Cell density-dependent regulation of fibronectin splicing at the EDA region in fibroblasts: cell density also modulates the responses of fibroblasts to TGF-beta and cancer cell-conditioned medium.

Recently we reported that cancer cell-fibroblast interactions can modulate the expression of fibronectin (FN) isoforms in vitro, i.e. conditioned medium of human rectal adenocarcinoma cell line RCM-1 (RCM-1 CM) stimulated the expression of EDA-containing FN (EDA(+)FN) mRNA by fibroblasts and this stimulation was partly mediated by transforming growth factor-beta (TGF-beta) included in RCM-1 CM. In the present study, cell density was shown to regulate FN splicing at the EDA region in fibroblasts.
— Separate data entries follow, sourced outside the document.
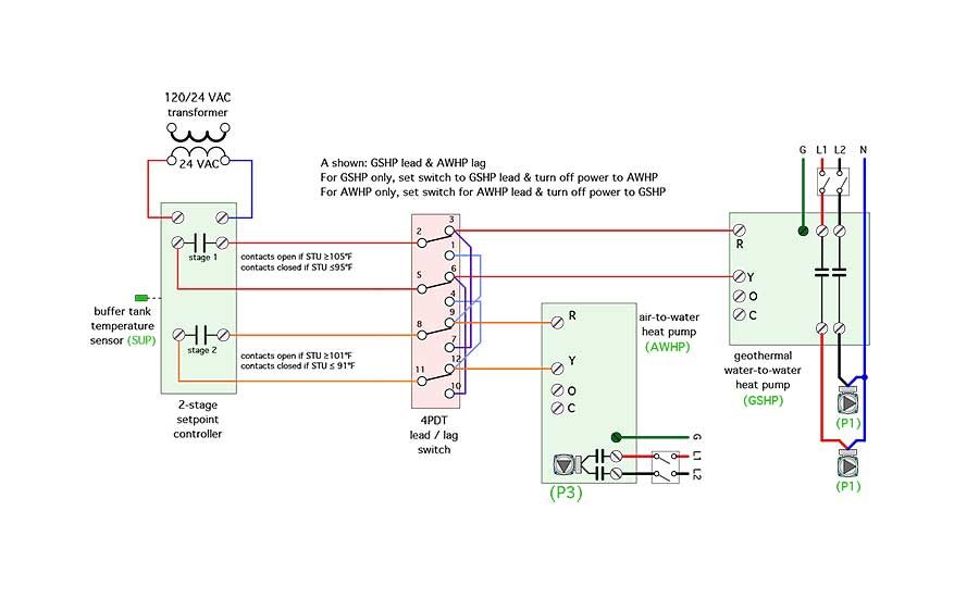 This switch, or an equivalent 4PDT relay, allows the low-voltage control circuit from each heat pump to be matched with the appropriate stage 1 or stage 2 contacts in the setpoint controller. Both electrical circuits are fully isolated from each other, and both are isolated from the 24-VAC transformer powering the setpoint controller. The “R” terminal in each heat pump represents one side of a 24-VAC circuit. The “Y” terminal in each heat pump is the terminal that must receive 24 VAC to turn the heat pump and its associated circulator on in heating mode. Be aware that some heat pumps may use different designations for these terminals.
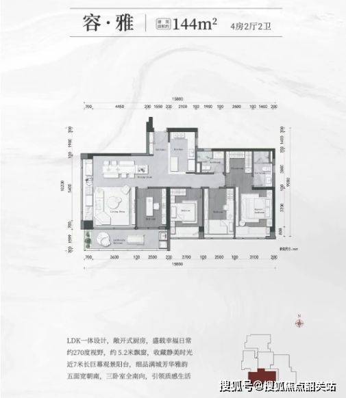 结构以四房为主,适合多人口家庭,空间分布强调公共空间的通透感与卧室私密性。
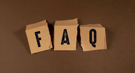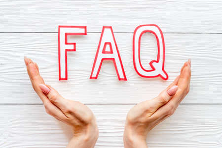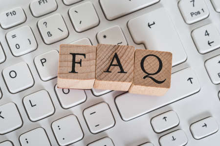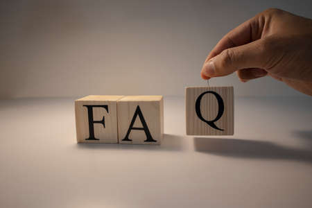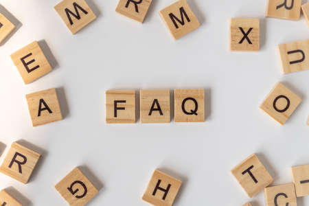 Frequently asked questions Concept. Wooden letter block wording FAQ with other letters on white background.
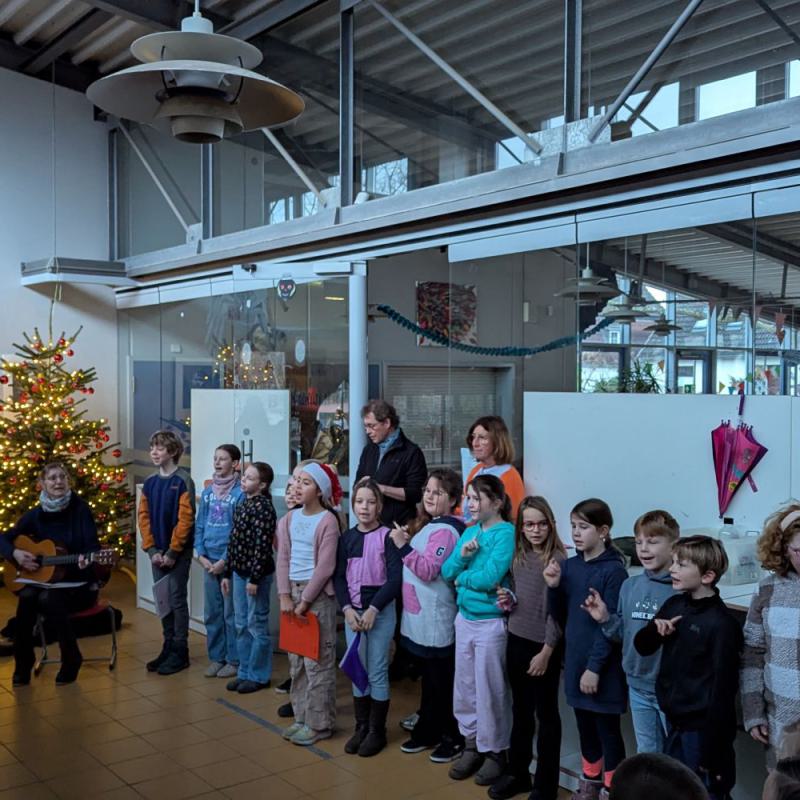 An den Adventsmontagen trafen sich die verschiedenen Klassenstufen gemeinsam vor der Mensa, um mit Unterstützung des Schulchors und Frau Bornier an der Gitarre Weihnachtslieder zu singen.

Fibroblasts plated at a low cell density expressed a significantly higher percentage of EDA(+)FN mRNA than those plated at a high cell density. Moreover, fibroblast cell density modulated the effects of TGF-beta and RCM-1 CM on FN splicing at the EDA region differently. The time courses of their effects were similar to each other at a high cell density. At a low cell density, however, they were different. TGF-beta showed a relatively short-lived stimulation of EDA(+)FN mRNA, with the peak response 24 h after treatment, followed by a decline to the base line by 72 h. On the other hand, RCM-1 CM caused a prolonged stimulation, maintaining almost the maximum responses from 24 to 72 h. Thus, these results at a low cell density indicated the presence of a factor(s) other than TGF-beta in RCM-1 CM that stimulates the expression of EDA(+)FN mRNA directly or modulates the effect of TGF-beta. The use of several different cell densities might help in the search for new factors affecting FN splicing.